## Aim of the task
Restate all data exactly. No images.

Records drawn from a dataset:
==============================

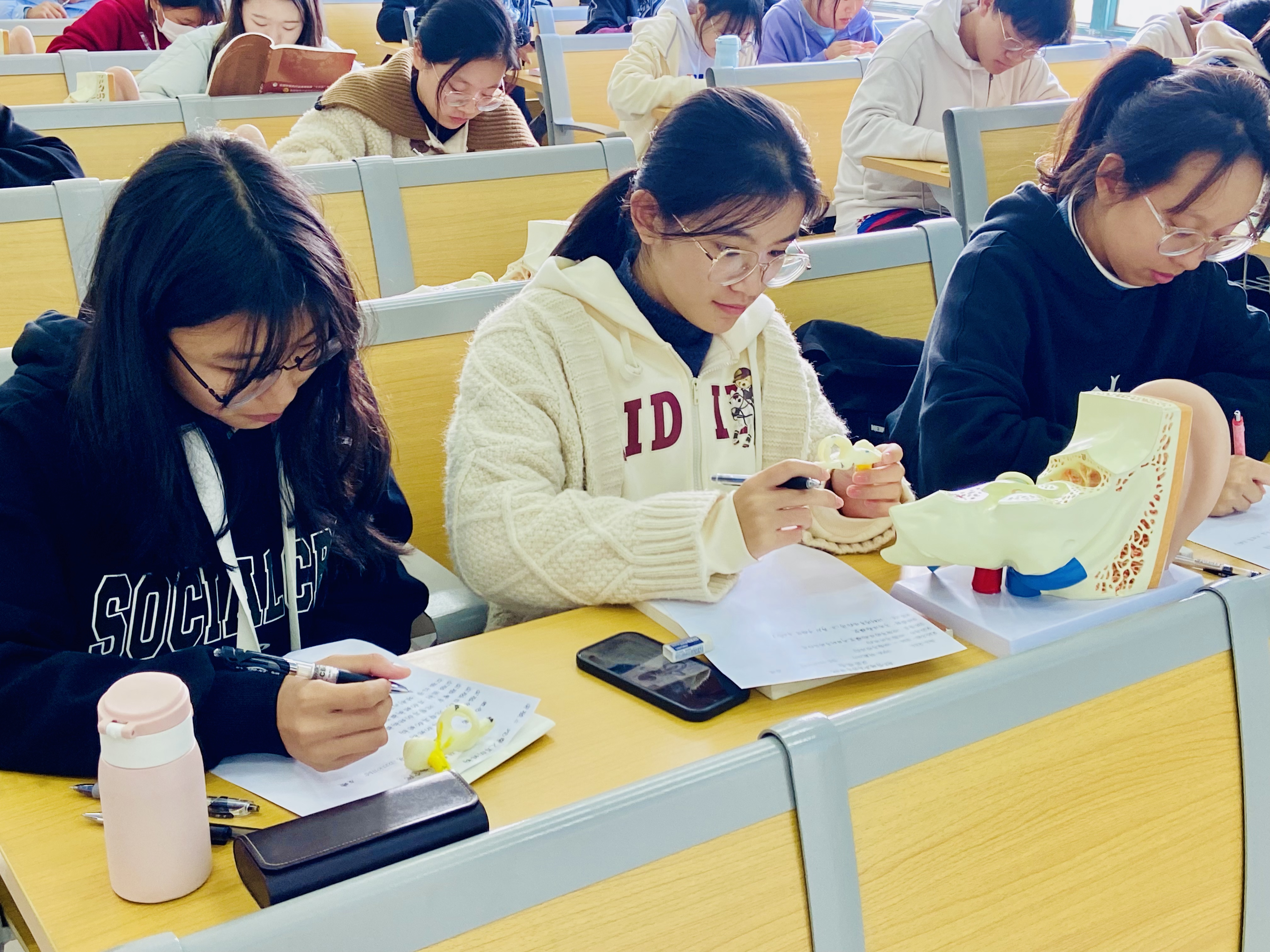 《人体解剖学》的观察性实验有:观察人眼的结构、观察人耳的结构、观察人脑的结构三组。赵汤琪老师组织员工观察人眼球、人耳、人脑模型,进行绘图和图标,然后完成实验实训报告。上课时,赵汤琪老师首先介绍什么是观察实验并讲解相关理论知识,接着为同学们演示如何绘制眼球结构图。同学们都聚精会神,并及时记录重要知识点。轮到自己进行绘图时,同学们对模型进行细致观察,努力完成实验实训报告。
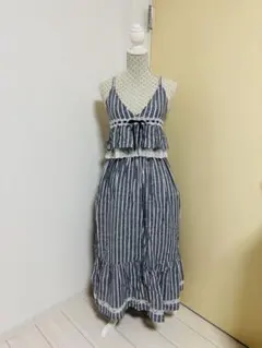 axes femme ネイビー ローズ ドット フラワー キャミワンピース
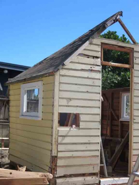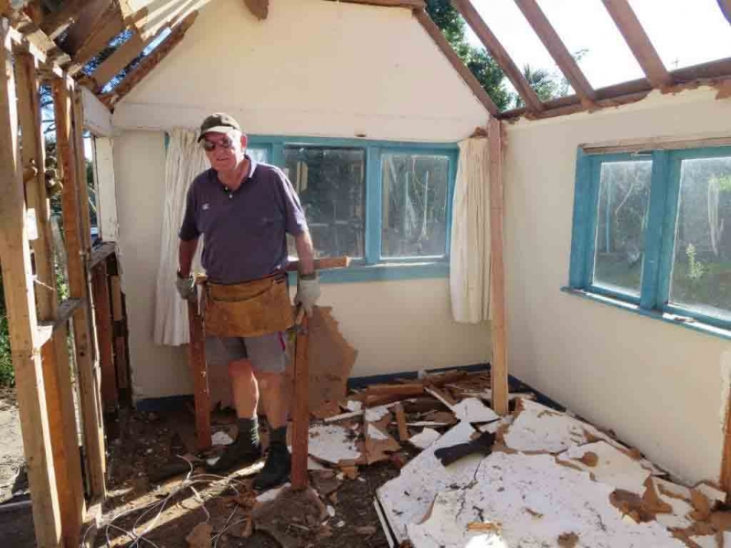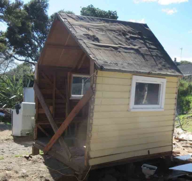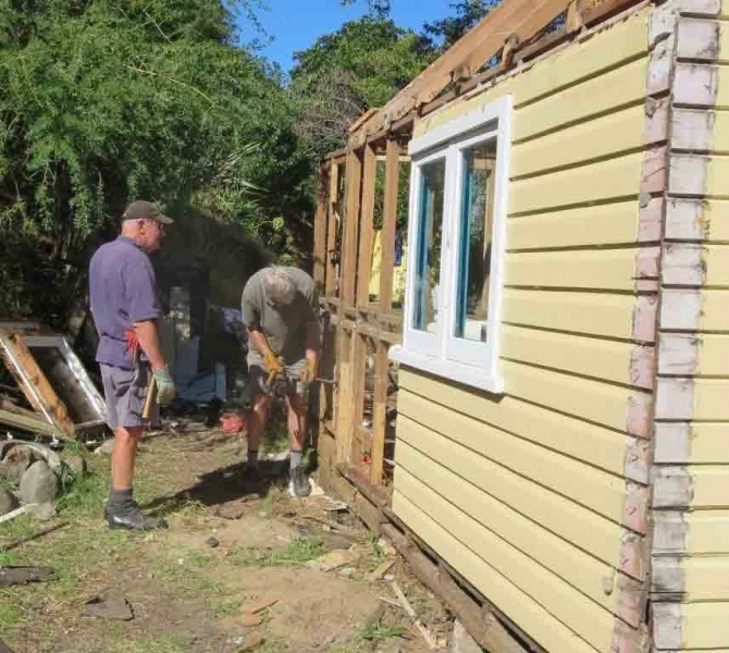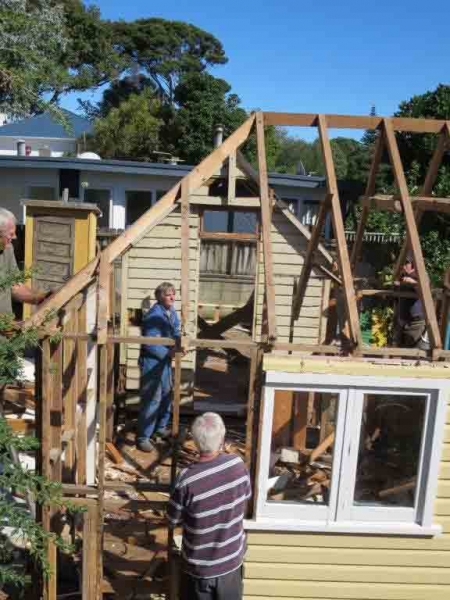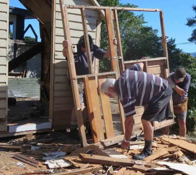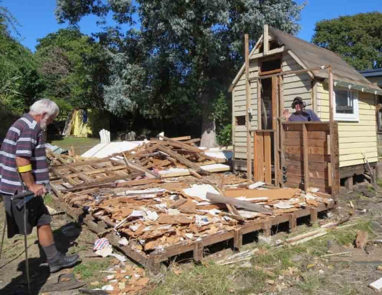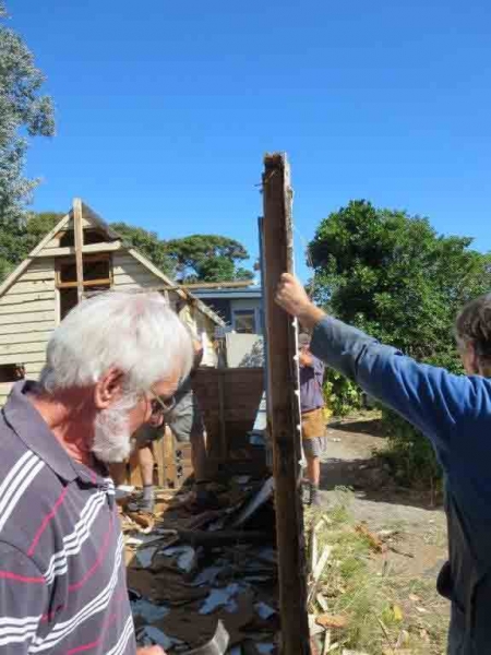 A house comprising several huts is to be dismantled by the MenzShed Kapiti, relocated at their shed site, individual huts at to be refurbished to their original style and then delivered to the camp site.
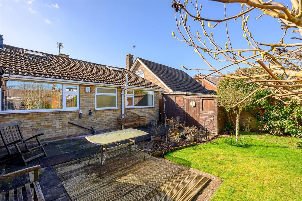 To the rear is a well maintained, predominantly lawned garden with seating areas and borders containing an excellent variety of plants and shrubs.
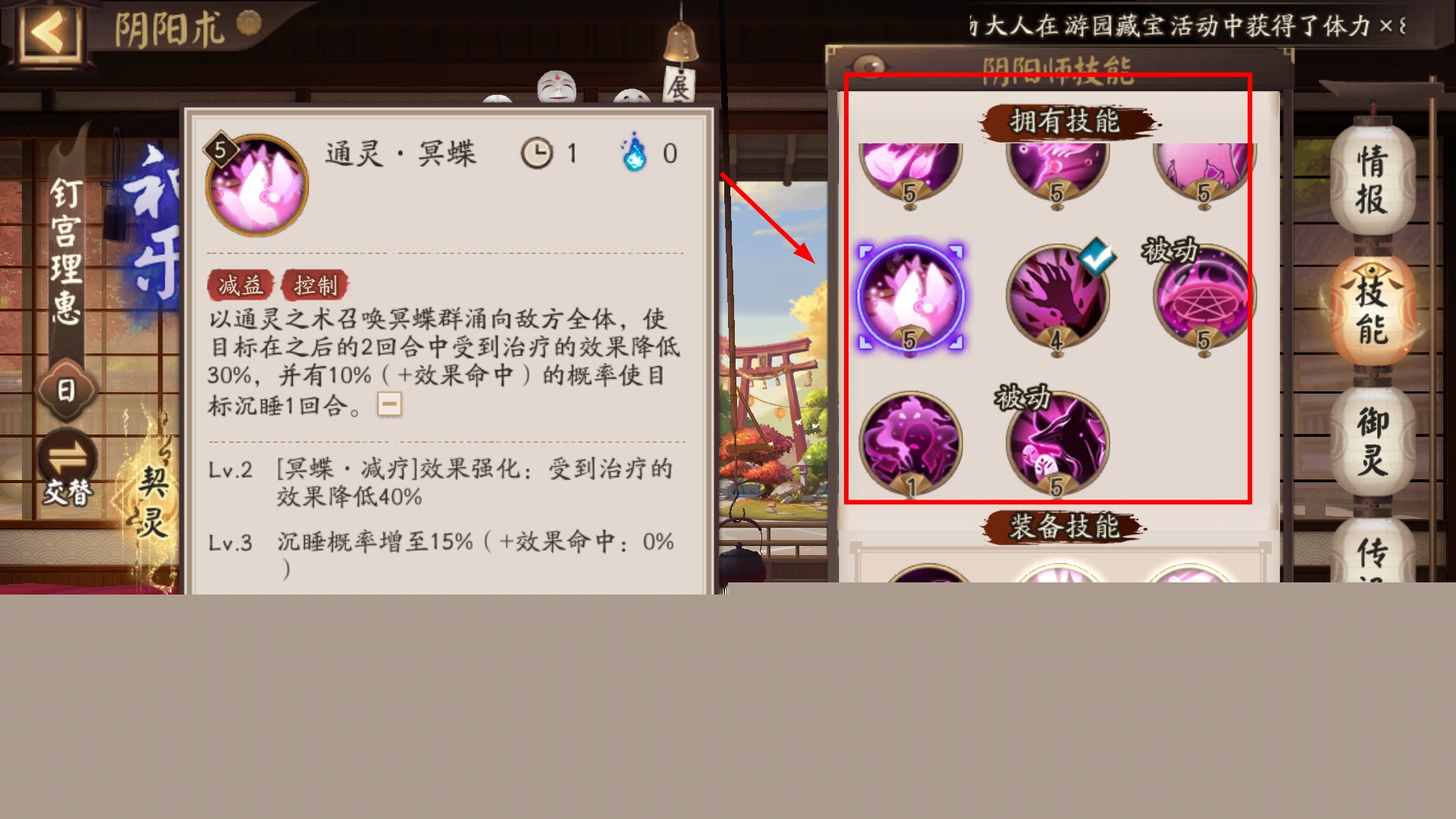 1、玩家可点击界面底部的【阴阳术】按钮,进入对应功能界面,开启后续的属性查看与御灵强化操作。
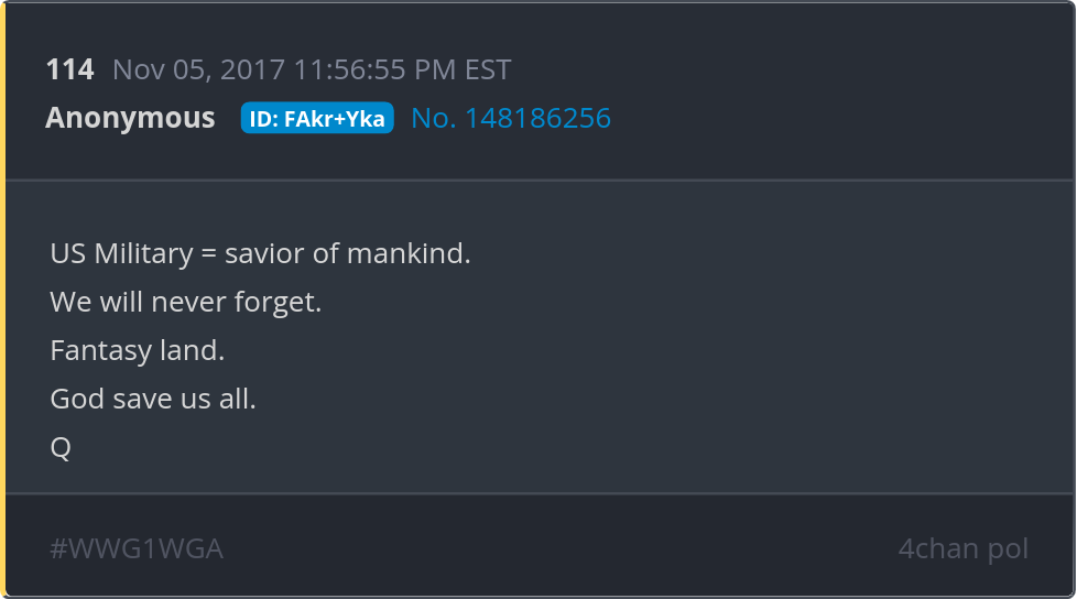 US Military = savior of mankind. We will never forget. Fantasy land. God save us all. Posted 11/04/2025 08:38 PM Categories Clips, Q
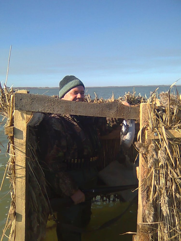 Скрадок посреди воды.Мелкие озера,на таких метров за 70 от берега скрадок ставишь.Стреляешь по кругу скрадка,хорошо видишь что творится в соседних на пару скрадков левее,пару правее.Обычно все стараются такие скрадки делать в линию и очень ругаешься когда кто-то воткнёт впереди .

==============================

## Result of the task
 《人体解剖学》的观察性实验有:观察人眼的结构、观察人耳的结构、观察人脑的结构三组。赵汤琪老师组织员工观察人眼球、人耳、人脑模型,进行绘图和图标,然后完成实验实训报告。上课时,赵汤琪老师首先介绍什么是观察实验并讲解相关理论知识,接着为同学们演示如何绘制眼球结构图。同学们都聚精会神,并及时记录重要知识点。轮到自己进行绘图时,同学们对模型进行细致观察,努力完成实验实训报告。
 axes femme ネイビー ローズ ドット フラワー キャミワンピース
 A house comprising several huts is to be dismantled by the MenzShed Kapiti, relocated at their shed site, individual huts at to be refurbished to their original style and then delivered to the camp site.
 To the rear is a well maintained, predominantly lawned garden with seating areas and borders containing an excellent variety of plants and shrubs.
 1、玩家可点击界面底部的【阴阳术】按钮,进入对应功能界面,开启后续的属性查看与御灵强化操作。
 US Military = savior of mankind. We will never forget. Fantasy land. God save us all. Posted 11/04/2025 08:38 PM Categories Clips, Q
 Скрадок посреди воды.Мелкие озера,на таких метров за 70 от берега скрадок ставишь.Стреляешь по кругу скрадка,хорошо видишь что творится в соседних на пару скрадков левее,пару правее.Обычно все стараются такие скрадки делать в линию и очень ругаешься когда кто-то воткнёт впереди .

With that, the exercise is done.